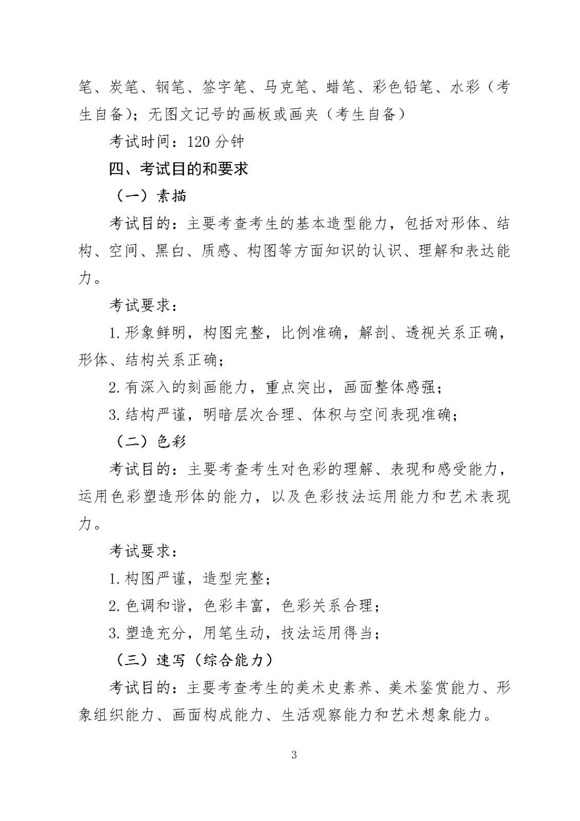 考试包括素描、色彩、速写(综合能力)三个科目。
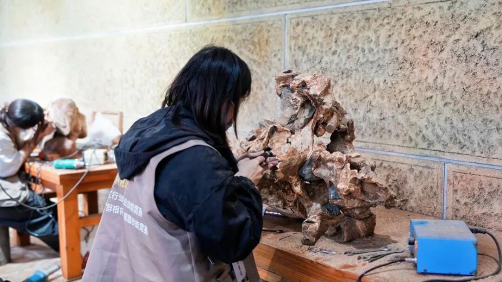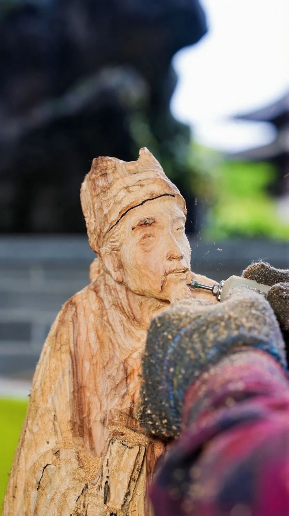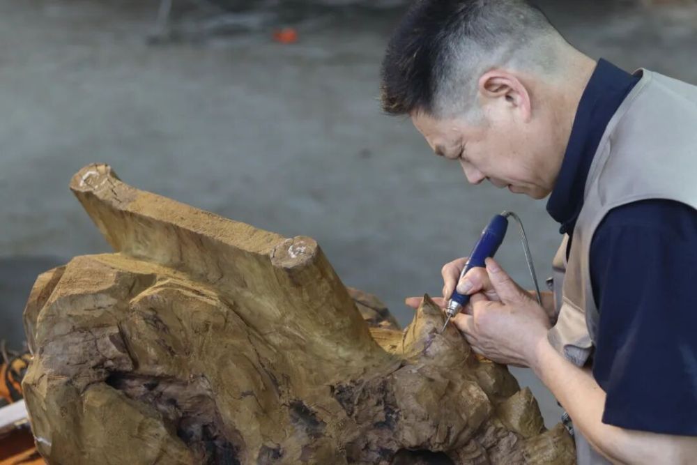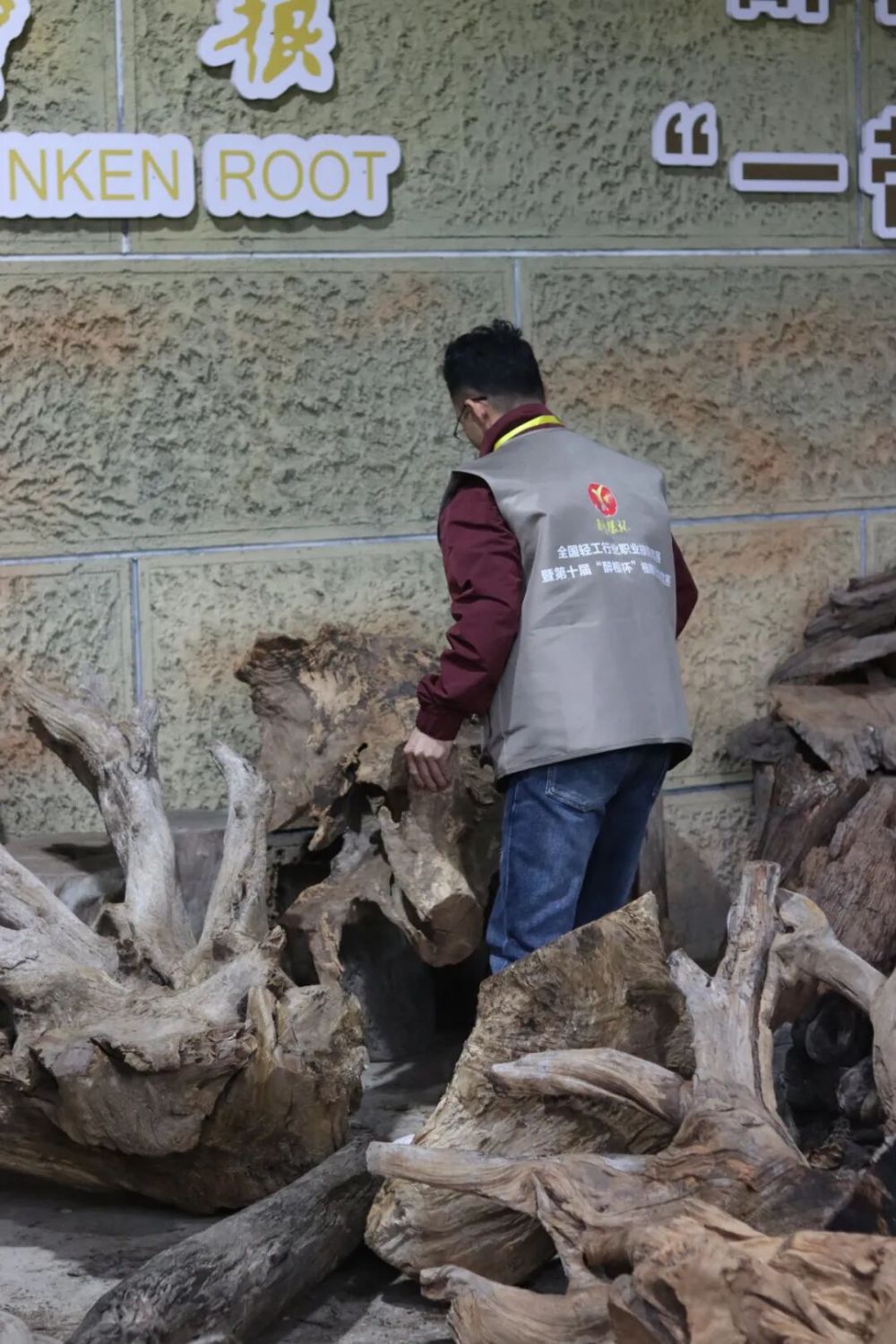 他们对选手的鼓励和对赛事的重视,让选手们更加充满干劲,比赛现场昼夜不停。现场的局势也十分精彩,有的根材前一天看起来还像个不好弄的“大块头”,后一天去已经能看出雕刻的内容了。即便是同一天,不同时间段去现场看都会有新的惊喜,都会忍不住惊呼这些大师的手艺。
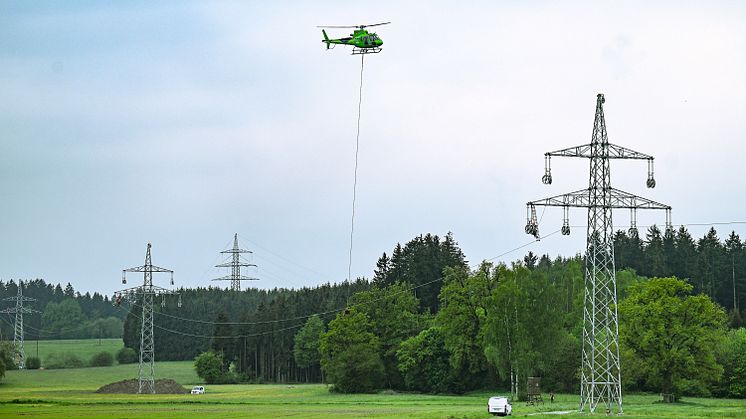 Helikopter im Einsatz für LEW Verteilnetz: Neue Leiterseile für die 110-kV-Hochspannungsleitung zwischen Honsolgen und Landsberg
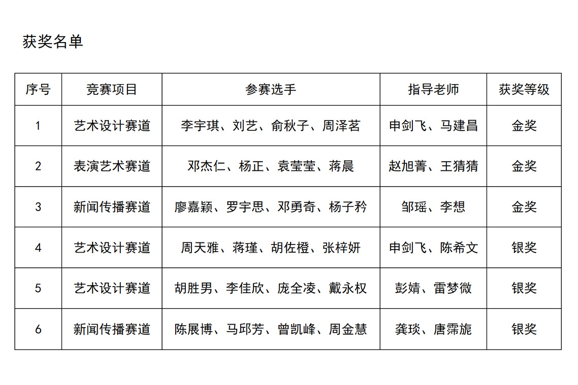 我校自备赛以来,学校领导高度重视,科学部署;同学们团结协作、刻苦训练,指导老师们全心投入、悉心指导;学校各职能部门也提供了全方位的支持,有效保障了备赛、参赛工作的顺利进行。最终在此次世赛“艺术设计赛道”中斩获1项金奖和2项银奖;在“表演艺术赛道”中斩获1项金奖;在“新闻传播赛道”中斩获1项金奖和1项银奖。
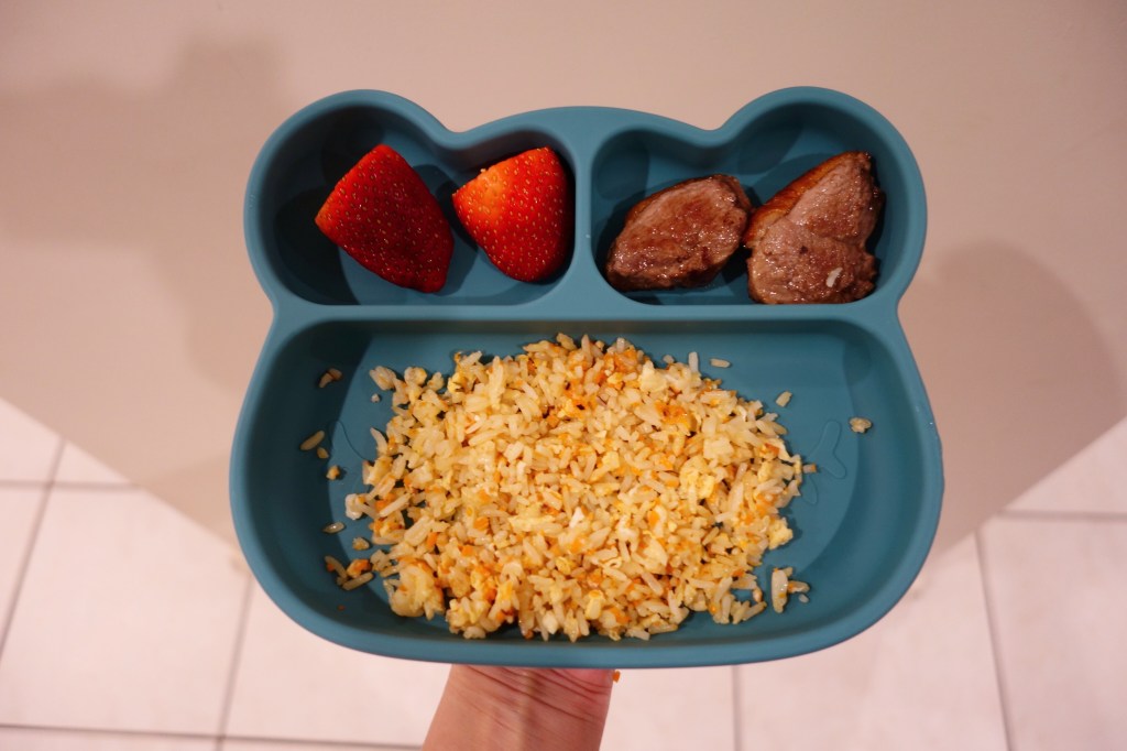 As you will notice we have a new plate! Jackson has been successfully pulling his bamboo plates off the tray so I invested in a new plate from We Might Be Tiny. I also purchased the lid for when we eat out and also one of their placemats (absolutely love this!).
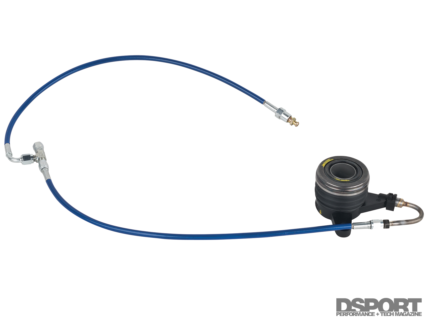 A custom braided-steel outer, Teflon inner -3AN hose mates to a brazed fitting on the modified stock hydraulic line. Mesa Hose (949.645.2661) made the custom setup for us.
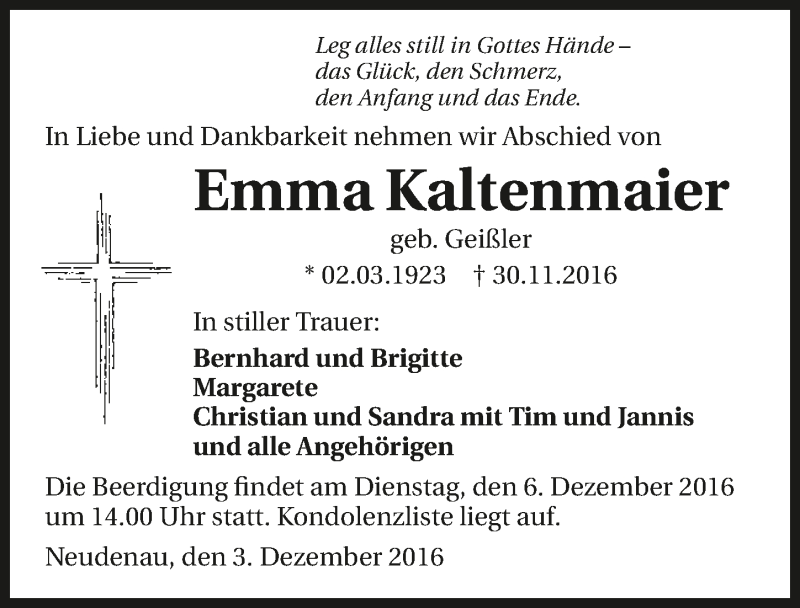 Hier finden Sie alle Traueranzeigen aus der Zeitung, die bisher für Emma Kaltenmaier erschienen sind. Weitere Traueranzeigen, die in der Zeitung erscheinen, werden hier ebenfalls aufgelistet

## Exercise directions
Return exactly, and only, the lines that run from the line containing "A custom braided-steel" to the last line of the entries above, both ends included, with pictures left out.

## Answer to the exercise
 A custom braided-steel outer, Teflon inner -3AN hose mates to a brazed fitting on the modified stock hydraulic line. Mesa Hose (949.645.2661) made the custom setup for us.
 Hier finden Sie alle Traueranzeigen aus der Zeitung, die bisher für Emma Kaltenmaier erschienen sind. Weitere Traueranzeigen, die in der Zeitung erscheinen, werden hier ebenfalls aufgelistet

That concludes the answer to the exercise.